In the context of our biosensor this means that DCM is capable of modulating expression of sfGFP through interaction through the PdcmA repressor DcmR.

Ultimately we can conclude that DCM acts to encourage expression of sfGFP through derepression: consistent with our double repression model.

Discussion:

The results displayed here demonstrate the repression nature of DcmR on PdcmA and PdcmR bidirectional promoter. The modulation by DCM on the PdcmA promoter we have observed offers a constructive route towards a Dichloromethane biosensor. In this way we are able to use a reporter gene downstream of PdcmA to respond to the concentration of DCM.

Additionally the nature of the bidirectional promoter offers a uniquely useful tool to molecular biologists. The relative stoichiometry of two genes inserted either side of the bidirectional promoter can be can be modulated through the addition of DcmR (BBa_K1446003 - Oxford iGEM). This can be utilised easily for investigations into the effect of protein stoichiometries between two interacting proteins.

For the bioremediation aspect of DCMation, we managed to achieve the following:

DCMA-sfGFP is expressed in E. coli

Figure 1
(A)A western blot showing the expression of a protein at 62 kDa (the calculated molecular weight of DCMA-sfGFP). The existence of some protein product at 0 mM IPTG suggests that the promoter is slightly ‘leaky’ and allows a basal expression level when no inducer is present.
(B) The image shows the expression of GFP under blue LED light in E. coli at various concentrations of the inducer IPTG. The graph quantifies the observed fluorescence, correcting for differences in optical density at 600 nm. Expression significantly increases with IPTG concentration as expected well above the basal level at 0 mM IPTG

Proteins can be targeted to microcompartments

Proteins can be inserted into the microcompartment when they have an N-terminal targeting sequence. In order to show that this targeting mechanism works for our constructs, we have constructed a plasmid with sfGFP fused to the N-terminal tag. When transforming this vector into E.coli along with the pUNI-ABTUNJK vector, we observed high-density fluorescence spots in those cells that expressed both the microcompartment and microcompartment-tagged sfGFP. This is shown in the image on the left, whereas the image on the right shows a control sample without the pUNI-ABTUNJK vector, thus expressing sfGFP evenly in the cell.

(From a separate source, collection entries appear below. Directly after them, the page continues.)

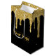 Elegant Gold Sparkle Parties scintillant Drips Sac cadeau avec de l'espace pour votre logo et votre nom sur nos gouttes de fausse parties scintillant or tendance sur un arrière - plan noir luxueux. Conçu par Cèdre et String. Si vous avez besoin d'aide ou d'articles correspondants, veuillez nous contacter à cedarandstring@gmail.com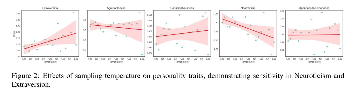- 神经质和外向性特质在LLM中易受采样温度调整的影响。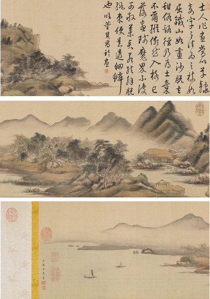 在古代资源稀缺的当下,“澄道--古代绘画夜场”精心臻集二十余件历代名家扛鼎力作:清宫内务府主管赫奕《烟树山亭》收录于《石渠宝笈》初编,曾贮于御书房,并由康熙御笔亲题广加赞许,当年由溥仪以赏赐溥杰之名出宫。恽寿平《艳秋图》以少见的恭笔大幅写秋菊繁茂,曾经郭葆昌收藏,又入藏美术布鲁克林博物馆三十余年。佚名《御苑市朝图》构图命意,与《清明上河图》有异曲同工之妙,可谓是带有北宋全景式构图的南宋早期宫廷职业画家的作品;董其昌《书画合璧册》原系朵云轩旧藏,书与画兼美,三经出版;崔子忠、董其昌《洛神赋书画合璧卷》文质彬彬,难能可贵;王鉴《仿子久秋山图》曾为咸丰间孙毓汶鉴藏,雅逸高古,一派清润气象;王翚《摹古山水册》取赵承旨、关仝、黄公望、王蒙、李唐、唐寅、王维各家画法,为金望乔、陆心源递藏十分难得。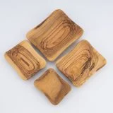 Elevate your table with this Handcrafted Square Olive Wood Plate Set, beautifully carved from authentic olive wood sourced in Bethlehem. Each plate showcases the unique grain and warm tones of olive wood, bringing natural elegance to any setting.

The details for the experimental procedure can be found here.

1. Express ABTUNKJ in E. Coli
3. Proof of successful mechanism for targeting into microcompartments by fluorescence microscopy
4. Assay design - successful assay set-up

We also developed the following models:

1. Microcompartment Shape Model (see 'Predicting the microcompartment structure')
2. Prediction of number of enzymes per microcompartment (see 'Modelling the number of enzymes in a microcompartment')
3. Effect of microcompartments on collision rates (see 'Microcompartment rate of collision model')
4. Stochastic diffusion of formaldehyde within microcompartments (see 'Modelling the diffusion of formaldehyde inside the microcompartment')
5. Star-peptide model (see 'The Star-Peptide Model')

Realisation Results:

For the containment of our bacteria, we have managed to:

1. synthesise novel agarose beads that have a polymeric coating which limits DCM diffusion into the beads. This allows optimum degradation by the bioremediation bacteria, while physically containing the bacteria for safety reasons
2. verify the functioning of the biopolymeric beads by measuring diffusion using indigo dye 3. use computer-aided modelling to design a prototype of the DCMation system, and physically constructed this container
4. 3D print a cartridge to hold our biosensor bacteria, which can easily be replaced by the user
5. construct a prototype circuit that lights up when the photodiodes detect light emission from our biosensing bacteria that are contained in the cartridge. This lets the user have a simple yes/no response to whether the contents of the container are safe for disposal.